_Supplied information:_
== Segment start ==

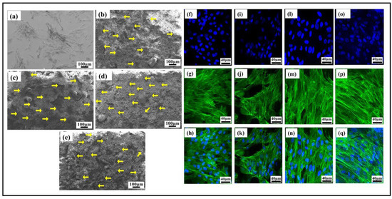 SEM images of hMSCs seeded on samples. The hMSCs cultured on the substrates adhered to plastic control (a) and the surface of sample R1 (HAp) (b), R2 (HAp + 0.5 wt.%GNP) (c), R3 (HAp + 2 wt.%GNP) (d), and R4 (HAp + 5 wt.%GNP) (e). Yellow arrows indicate cells. Confocal images of hMSCs cultured on samples. Nuclear and F-actin staining of hMSCs using DAPI in blue color and Phalloidin in green color for cells seeded on R1 (HAp) (f–h), R2 (HAp + 0.5 wt.%GNP) (i–k), R3 (HAp + 2 wt.%GNP) (l–n), and R4 (HAp + 5 wt.%GNP) (o–q).
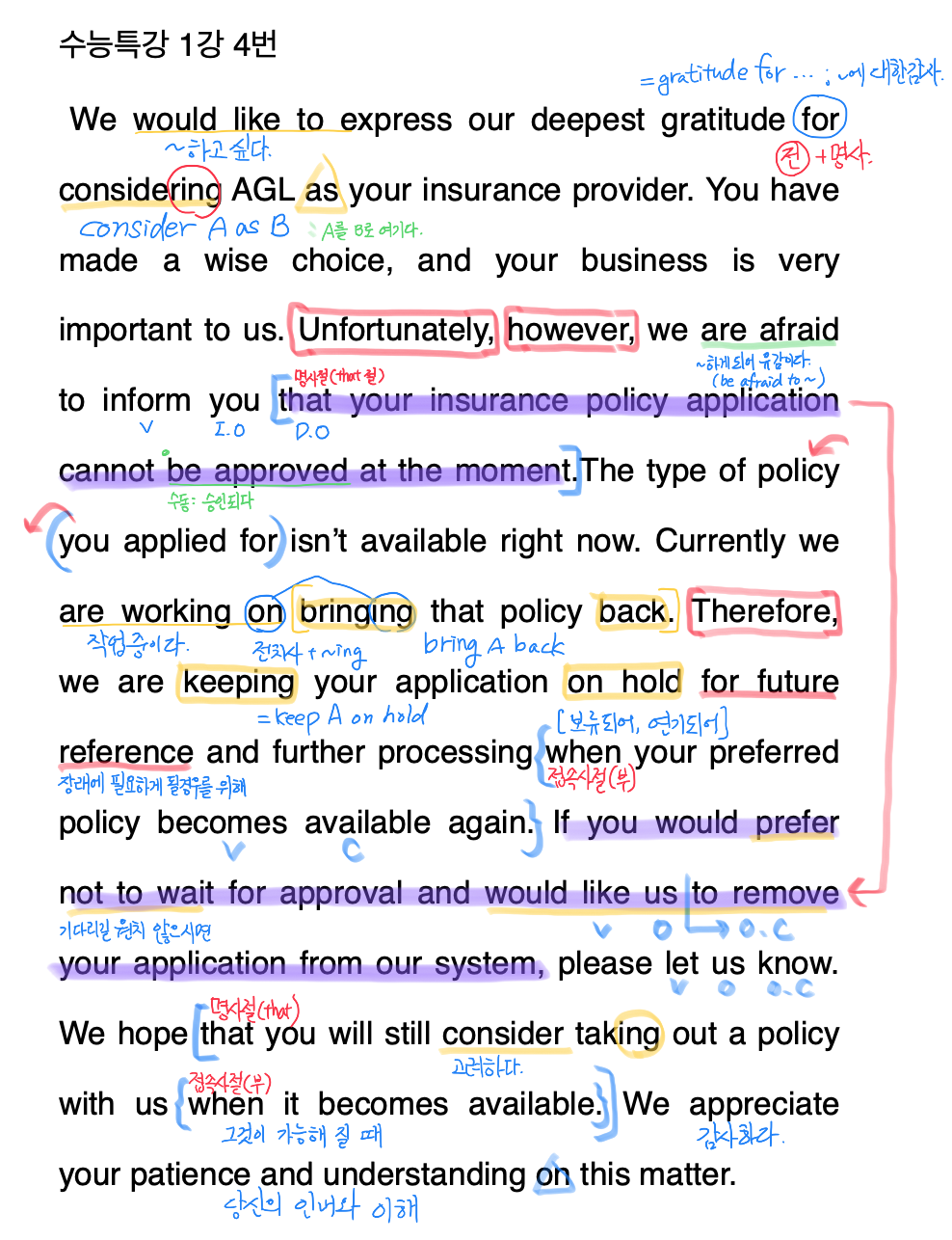 Therefore, 그러므로 we are keeping your application on hold 우리는 당신의 신청을 보류하고 있다 for future reference and further processing 이후에 참고도 하고 차후 처리를 위해서 when your preferred policy becomes available again. 당신이 원하시는 정책이 다시금 이용 가능해지면
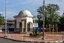 The Thomas Parr Monument is octagonal in shape, covering a total area of 70 square metres (750 sq ft). Three arched openings provide entrance, and six Tuscan or Roman Doric columns surround the monument. The 13.5-metre (44 ft) monument is topped with a dome.[4][3] Owing to this dome, the mausoleum is also known locally as "Kuburan Bulek" ('Round Grave').[3]

== Segment end ==

_Task to complete:_ In transcribing the listing, keep each word as it is and drop the pictures.

_Answer space:_
 SEM images of hMSCs seeded on samples. The hMSCs cultured on the substrates adhered to plastic control (a) and the surface of sample R1 (HAp) (b), R2 (HAp + 0.5 wt.%GNP) (c), R3 (HAp + 2 wt.%GNP) (d), and R4 (HAp + 5 wt.%GNP) (e). Yellow arrows indicate cells. Confocal images of hMSCs cultured on samples. Nuclear and F-actin staining of hMSCs using DAPI in blue color and Phalloidin in green color for cells seeded on R1 (HAp) (f–h), R2 (HAp + 0.5 wt.%GNP) (i–k), R3 (HAp + 2 wt.%GNP) (l–n), and R4 (HAp + 5 wt.%GNP) (o–q).
 Therefore, 그러므로 we are keeping your application on hold 우리는 당신의 신청을 보류하고 있다 for future reference and further processing 이후에 참고도 하고 차후 처리를 위해서 when your preferred policy becomes available again. 당신이 원하시는 정책이 다시금 이용 가능해지면
 The Thomas Parr Monument is octagonal in shape, covering a total area of 70 square metres (750 sq ft). Three arched openings provide entrance, and six Tuscan or Roman Doric columns surround the monument. The 13.5-metre (44 ft) monument is topped with a dome.[4][3] Owing to this dome, the mausoleum is also known locally as "Kuburan Bulek" ('Round Grave').[3]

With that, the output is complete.